Gear Failure Prediction in Shearer Cutting Section Based on Deep Learning

Ensuring the operational reliability of shearers is paramount for efficient and safe coal production. Among critical components, the gears within the shearer’s cutting section are highly susceptible to failure due to harsh operating conditions and heavy loads. Traditional fault diagnosis methods often struggle with complex feature extraction and accurate prediction. Deep learning offers a promising solution by autonomously learning intricate patterns from raw sensor data, enabling more effective gear failure prediction and classification. This study focuses on developing a deep learning-based model for predicting gear failure in the cutting section of an MG1000/2500-WD shearer.

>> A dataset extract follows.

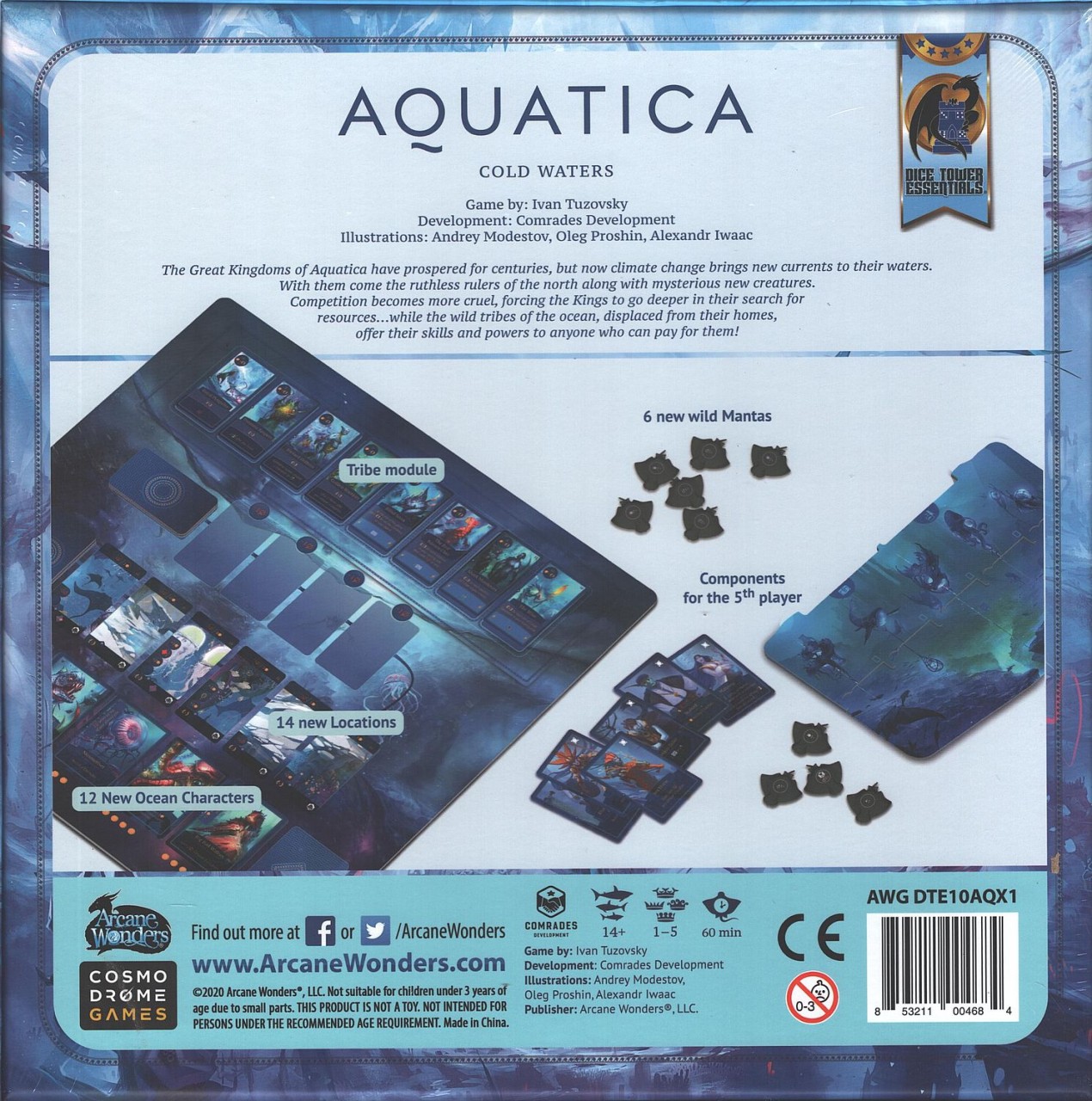 The expansionAquatica: Cold Watersconsists of several modules. It includes all necessary components for the fifth player, which can be used with the basic game, but also brings new type of locations, new cards of Ocean’s creatures, and alternative mechanic, replacing the goal-track in the basic game.

The shearer’s cutting section, primarily responsible for coal cutting and loading, houses complex gear transmission systems crucial for power transmission. These gears operate under extreme stresses, leading to various failure modes. Common gear failure types include:

  • Gear tooth breakage: Often caused by fatigue under cyclic loading or impact overload during operations like cutting hard rock inclusions.
  • Pitting and spalling: Surface fatigue failures resulting from repeated Hertzian contact stresses, exacerbated by inadequate lubrication or contamination.
  • Scoring/scuffing: Caused by lubrication breakdown leading to high friction, localized welding, and tearing of tooth surfaces.
  • Abrasive wear: Accelerated surface material removal due to hard contaminants like coal dust or grit in the lubricant.
  • Plastic deformation (ridging, indentation): Occurs under severe overload conditions exceeding the material’s yield strength.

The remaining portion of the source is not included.